Alan recalls how on a sunny morning in October 1993, he heard an explosion while he was giving his two-year-old daughter Zoe a bicycle ride.

He ran to Frizzell's fish shop, where 29-year-old Sharon worked. But all he found was rubble. IRA men had placed a package containing a bomb in Frizzell's. Sharon had no chance of escape.

"The IRA said the killing of Sharon and the others was an accident, but as far as the IRA were concerned, they were expendable."

Alan has mixed feelings about the apology issued by the IRA this week.

"In many ways it is hypocritical. The IRA says there should not be a hierarchy of victims in which some are deemed more or less worthy than others. But in apologising only to the families of non-combatants, it is creating a hierarchy itself. It may be choreographed and it may be hypocritical, but it is still an important step, because it is the first time that they have apologised. At least they are accepting that what they did was wrong."

Since his wife's death, Alan has been involved in cross-community initiatives. Although he is sceptical about the IRA's motives, he is an enthusiastic supporter of the Good Friday Agreement.
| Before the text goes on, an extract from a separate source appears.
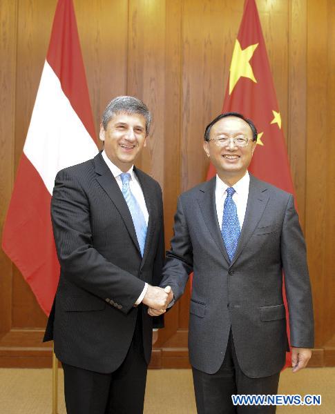 BEIJING - Chinese Foreign Minster Yang Jiechi and his Austrian counterpart Michael Spindelegger held talks here on Tuesday, pledging to enhance bilateral ties through deeper cooperation.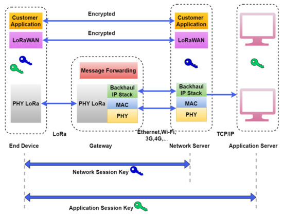 In addition, NS discards duplicates of messages received by multiple GWs. In other words, it acts as the orchestrator of the whole network. Within its main objectives are ensuring security, scalability, and reliability of data routing throughout the network. On the other hand, the AS oversees the safe handling, management, and interpretation of the data, while encrypting and decrypting downlinks and uplinks, respectively. In addition, the AS generates all downlink payloads to the connected end-devices. In order to provide confidentiality, the top-level payload is encrypted with an application session key and for data integrity, a network session key is additionally used. Finally, communication between LoRaWAN GWs and NS is enabled through the internet protocol (IP) stack.

"There is no doubt the atmosphere in the North is better by far. Fewer people are being killed, and the centre of Belfast is buzzing with life. We have to move forward and remain upbeat."

Alan is a board member of Healing through Remembering, a group that aims to heal some of the wounds of the troubles by remembering the events and the victims in an appropriate fashion.

The group recommends that there should be a memorial museum and day of remembrance for all those affected, and takes as its motto the fitting words of poet Maya Angelou: "History, despite its wrenching pain, cannot be unlived, and if faced with courage, need not be lived again."